From 9ec5c485ef1a0078783b40ba0b8dce5282d6ff58 Mon Sep 17 00:00:00 2001
From: Ming Lei <ming.lei@redhat.com>
Date: Tue, 19 Nov 2024 11:06:46 +0800
Subject: [PATCH 55/63] ublk: fix error code for unsupported command

ANBZ: #32233

commit 34c1227035b3ab930a1ae6ab6f22fec1af8ab09e upstream.

ENOTSUPP is for kernel use only, and shouldn't be sent to userspace.

Fix it by replacing it with EOPNOTSUPP.

Cc: stable@vger.kernel.org
Fixes: bfbcef036396 ("ublk_drv: move ublk_get_device_from_id into ublk_ctrl_uring_cmd")
Signed-off-by: Ming Lei <ming.lei@redhat.com>
Link: https://lore.kernel.org/r/20241119030646.2319030-1-ming.lei@redhat.com
Signed-off-by: Jens Axboe <axboe@kernel.dk>
Signed-off-by: Joseph Qi <joseph.qi@linux.alibaba.com>
---
 drivers/block/ublk_drv.c | 2 +-
 1 file changed, 1 insertion(+), 1 deletion(-)

diff --git a/drivers/block/ublk_drv.c b/drivers/block/ublk_drv.c
index 01da7f2d7366..5cb8e53f524f 100644
--- a/drivers/block/ublk_drv.c
+++ b/drivers/block/ublk_drv.c
@@ -2923,7 +2923,7 @@ static int ublk_ctrl_uring_cmd(struct io_uring_cmd *cmd,
 		ret = ublk_ctrl_end_recovery(ub, cmd);
 		break;
 	default:
-		ret = -ENOTSUPP;
+		ret = -EOPNOTSUPP;
 		break;
 	}
 
-- 
Gitee


From b3f0d1599a9590e62a90445ffd67e9234e5fd6d4 Mon Sep 17 00:00:00 2001
From: Uday Shankar <ushankar@purestorage.com>
Date: Tue, 4 Mar 2025 14:34:26 -0700
Subject: [PATCH 56/63] ublk: set_params: properly check if parameters can be
 applied

ANBZ: #32233

commit 5ac60242b0173be83709603ebaf27a473f16c4e4 upstream.

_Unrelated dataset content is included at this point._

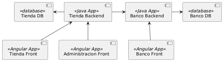 tienda-back: El API de la tienda en Javatienda-front: El interfaz de usuario en Angular de los clientes de la tiendatienda-adm-front: El interfaz de usuario en Angular del administrador de la tiendabanco-back: El API del banco en Javabanco-front: El interfaz de usuario en Angular de los clientes del bancodesplegar-proyecto: El repositorio con los Scripts para desplegar. Es donde se usa Docker o la tecnología que se vaya a usar.

The parameters set by the set_params call are only applied to the block
device in the start_dev call. So if a device has already been started, a
subsequently issued set_params on that device will not have the desired
effect, and should return an error. There is an existing check for this
- set_params fails on devices in the LIVE state. But this check is not
sufficient to cover the recovery case. In this case, the device will be
in the QUIESCED or FAIL_IO states, so set_params will succeed. But this
success is misleading, because the parameters will not be applied, since
the device has already been started (by a previous ublk server). The bit
UB_STATE_USED is set on completion of the start_dev; use it to detect
and fail set_params commands which arrive too late to be applied (after
start_dev).

Signed-off-by: Uday Shankar <ushankar@purestorage.com>
Fixes: 0aa73170eba5 ("ublk_drv: add SET_PARAMS/GET_PARAMS control command")
Reviewed-by: Ming Lei <ming.lei@redhat.com>
Link: https://lore.kernel.org/r/20250304-set_params-v1-1-17b5e0887606@purestorage.com
Signed-off-by: Jens Axboe <axboe@kernel.dk>
Signed-off-by: Joseph Qi <joseph.qi@linux.alibaba.com>
---
 drivers/block/ublk_drv.c | 7 +++++--
 1 file changed, 5 insertions(+), 2 deletions(-)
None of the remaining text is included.